- [Problem statement]
Would you reproduce exactly the lines below from the one holding "下載影像會儲存在按拍攝日期創建的資料夾裡,並出現在 [ZoomBrowser EX]" through the one holding "4、注册页面需填写【手机号】", inclusive, and no others?

- [Given records]
***

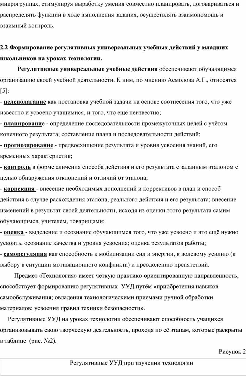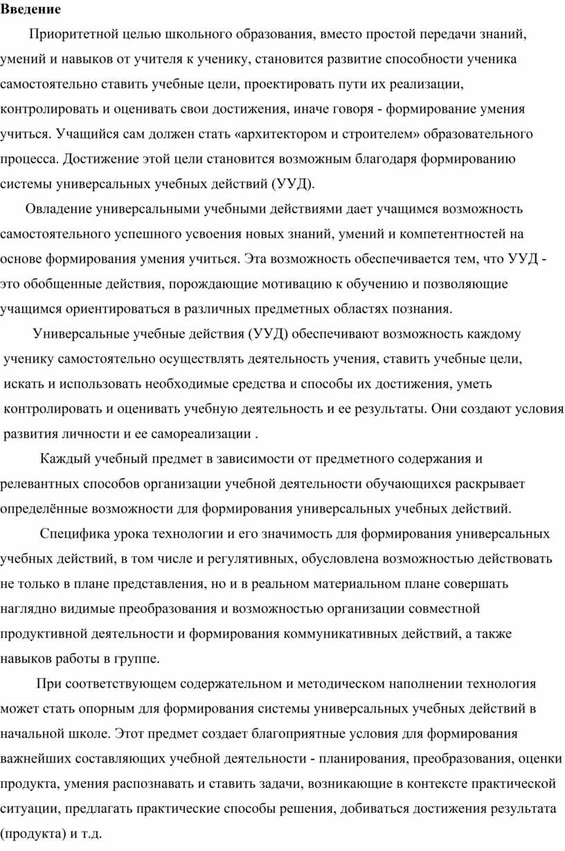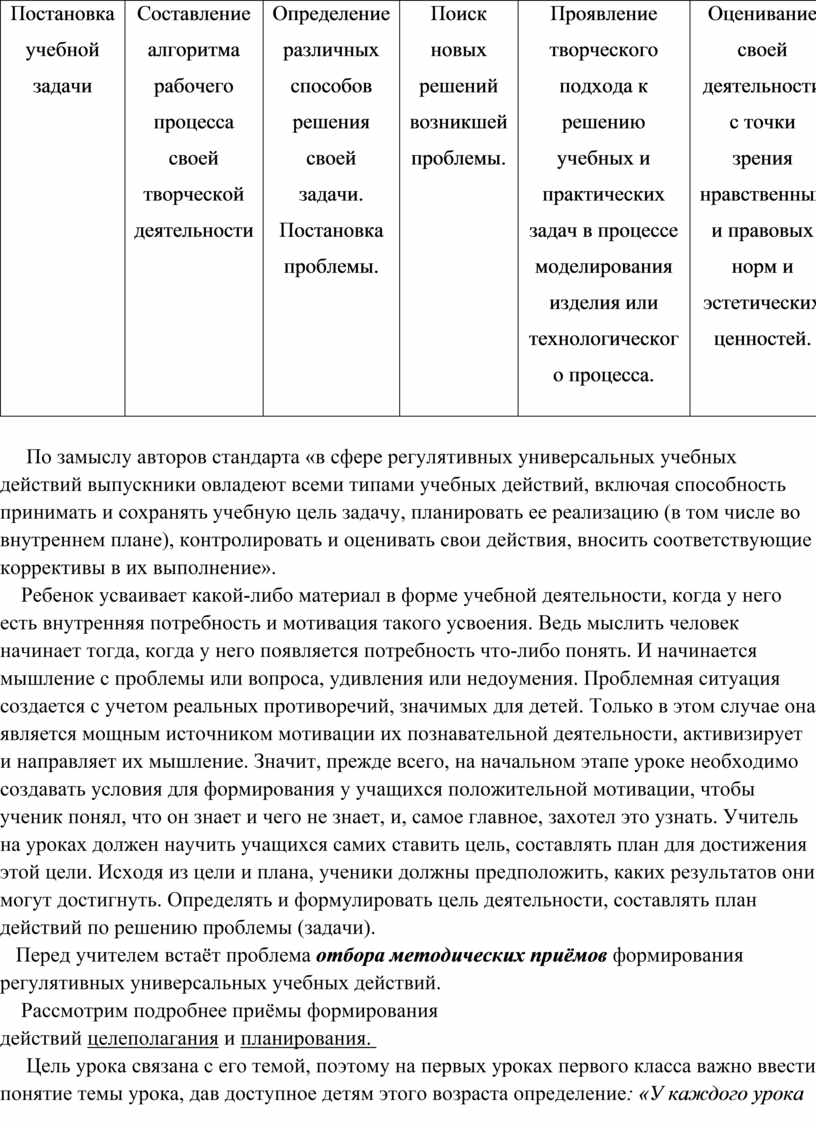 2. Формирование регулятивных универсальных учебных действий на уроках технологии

***

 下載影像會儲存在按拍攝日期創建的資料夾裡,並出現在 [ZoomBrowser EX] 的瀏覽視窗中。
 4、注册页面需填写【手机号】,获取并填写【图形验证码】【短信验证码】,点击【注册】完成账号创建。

***

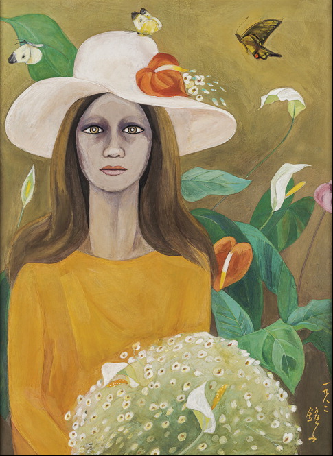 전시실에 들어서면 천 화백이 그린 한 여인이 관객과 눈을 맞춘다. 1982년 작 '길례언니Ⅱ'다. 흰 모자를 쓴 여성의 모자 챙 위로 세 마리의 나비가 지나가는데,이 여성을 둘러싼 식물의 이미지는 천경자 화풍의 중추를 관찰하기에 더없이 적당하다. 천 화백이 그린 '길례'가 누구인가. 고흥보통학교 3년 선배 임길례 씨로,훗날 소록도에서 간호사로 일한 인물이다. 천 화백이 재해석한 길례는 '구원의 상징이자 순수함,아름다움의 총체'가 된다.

***

- [Written answer]
 下載影像會儲存在按拍攝日期創建的資料夾裡,並出現在 [ZoomBrowser EX] 的瀏覽視窗中。
 4、注册页面需填写【手机号】,获取并填写【图形验证码】【短信验证码】,点击【注册】完成账号创建。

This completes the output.